When we think of risk, we often think of downside, such as injury risk. But often times, there’s upside to risk, as well. A good example here is Joey Votto (1B, CIN). His 2018 was not very good, but he’s been a premium hitter for a long time. His skills looked much like his 2016 season, which was a solid year. Some GMs will shy away from him, concerned about a repeat of his down year. If his price drops too far, though, his potential upside is worth the risk.

This is what we call “smart risk.” We all love players who have upside and a high floor, but this is about taking chances in a smart way.

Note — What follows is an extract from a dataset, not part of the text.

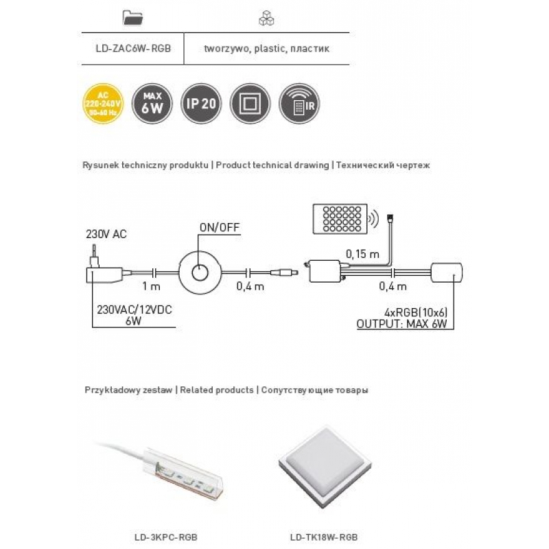 Описание товара Блок питания для светодиодов 220/12V, 6W, IP20, для светильников и клипс с кабелем и ножным выключателемем RGB беспроводной (радио RGB контролер, дистрибьтер на 4 выхода) Для того, чтобы подключить светодиодный светильник или ленту к электрической сети, необходимо использовать специальный блок питания. У большинства светодиодных приборов, представленных сегодня на рынке, напряжение питания отличается от стандартного значения 220 вольт бытовой электросети. При включении LED светильника напрямую в сеть в 220 вольт, осветительный прибор выйдет из строя. Поэтому для его гарантированной бесперебойной работы требуется использовать блок питания соответствующий мощности, с дополнительным запасом не менее 10% по мощности, для компенсации возможных перепадов напряжения. В данную модель блока питания дополнительно входят: провод выключатель распределитель Блок питания для светодиодов 220/12V, 6W, IP20, для светильников и клипс с кабелем и ножным выключателем RGB беспроводной (радио RGB контроллер, дистрибьютер на 4 выхода) от бренда GTV, артикул: LD-ZAC6W-RGB, каталог Блоки питания для светодиодов. Этот товар вы можете купить в магазине ПрототиП, ресурс Prototip.by по наилучшей цене.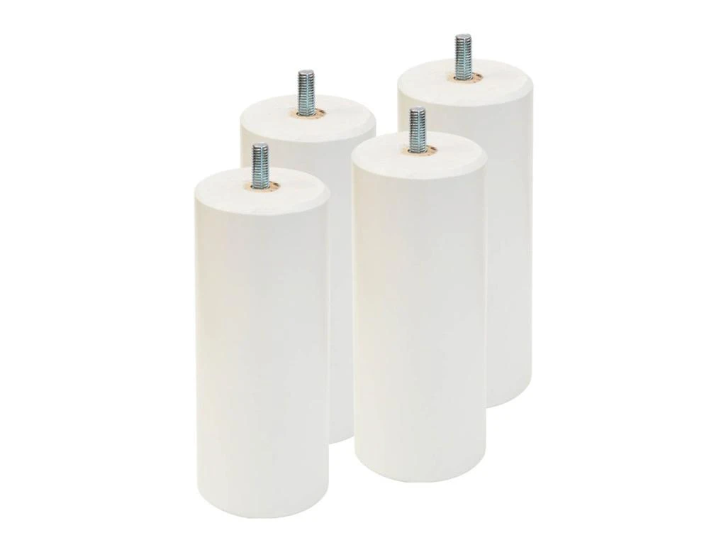 Pieds : Jeu de 4 pieds en hêtre massif teinté blanc pour sommier tapissier. Hauteur : 15 cm. Diamètre Pied : 6 cm. Diamètre tige filetée : 8 mm.

Winning at fantasy baseball requires some luck, especially when you’re matched up with 14 experts. Speculating on players is an important part of chasing a trophy, as long as the costs aren’t too high. Spending a fortune on a guy with a checkered injury history may not pay off but speculating that a player’s recent surgery has addressed their health issues (Eduardo Rodriguez) may be another matter. When you spend a couple of bucks on a closer-in-waiting with top skills, that’s smart risk.

Other Considerations

The WONK league is an OBA league. In BA leagues, paying for anchors doesn’t always pay off because BABIPs can be volatile. However, OBA is much steadier, since walk rates aren’t as volatile, and an elite walk rate (like Joey Votto’s 17% in 2018) can make up 100-200 points of a player’s OBA. In OBA leagues, it pays to have an OBA anchor—generally, a player with a .400+ OBA. This allows you to acquire a few lower-OBA guys with strong counting skills. GMs often value OBA less than HR and SB, so you can often find your anchor at reasonable price.

The same goes for pitching anchors. While ERA can be volatile, Dom rates are usually pretty steady, so targeting an elite pitcher with high Dom can help anchor your staff.

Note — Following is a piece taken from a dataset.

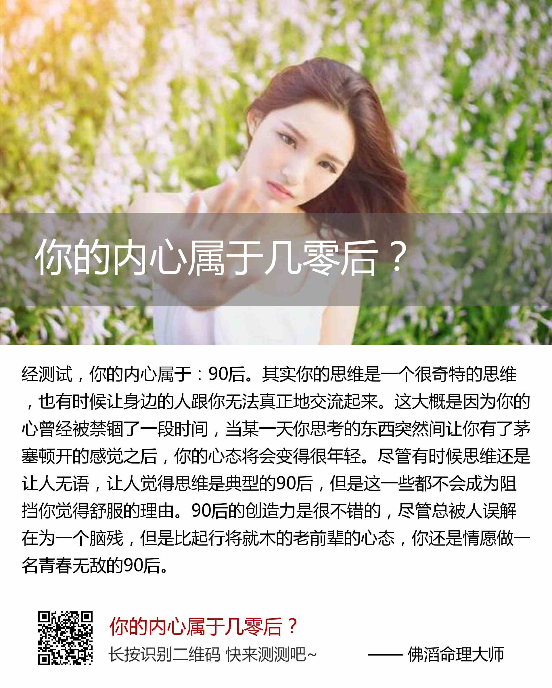 你的内心属于:90后。

The last overall strategy point is stars and scrubs vs. spread the risk. We prefer stars and scrubs, but there are pluses and minuses to both approaches.

So, in summary:

  • Win now
  • Embrace smart risks
  • OBA and pitching anchors
  • Stars and scrubs
  • We don’t pay for pitching; we’re old school. $60 max for pitchers.

In Practice

Unfortunately, it seemed that the entire league was going Stars and Scrubs, as the top third or so of the player pool went for crazy prices. When this happens, it’s usually best to overspend a little on one or two players just to make sure you have a foundation, then bid aggressively once prices fall. We tried to follow this but got caught up with Javy Baez and lost our money advantage. We were still able to do well (we think) in the later rounds, but missed out on some good values mid-draft.

Otherwise the strategy went as planned. Virtually all of the pitching anchors went well higher than we were comfortable paying, so our “anchor” is Charlie Morton—a respectable pitcher, but certainly not a stud. However, we filled in with several high-upside hurlers whose downside is limited, plus Alex Reyes.

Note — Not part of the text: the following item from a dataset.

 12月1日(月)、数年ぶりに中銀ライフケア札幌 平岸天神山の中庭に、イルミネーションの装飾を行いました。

Joey Votto was both a smart risk and an OBA anchor—despite his off year in 2018, he still posted a .415 OBA. Some mid-dollar guys (Ryan Braun, Billy Hamilton) were appealing, but most of the team is over $20 or under $10.

One final note: The choice of strategy may be dictated by your particular team and league circumstances, but much of it is personal preference. The WONK League is a sharks' league, and there's probably no strategy angle that someone in the league hasn't thought of. You need both a good strategy and good execution to be successful.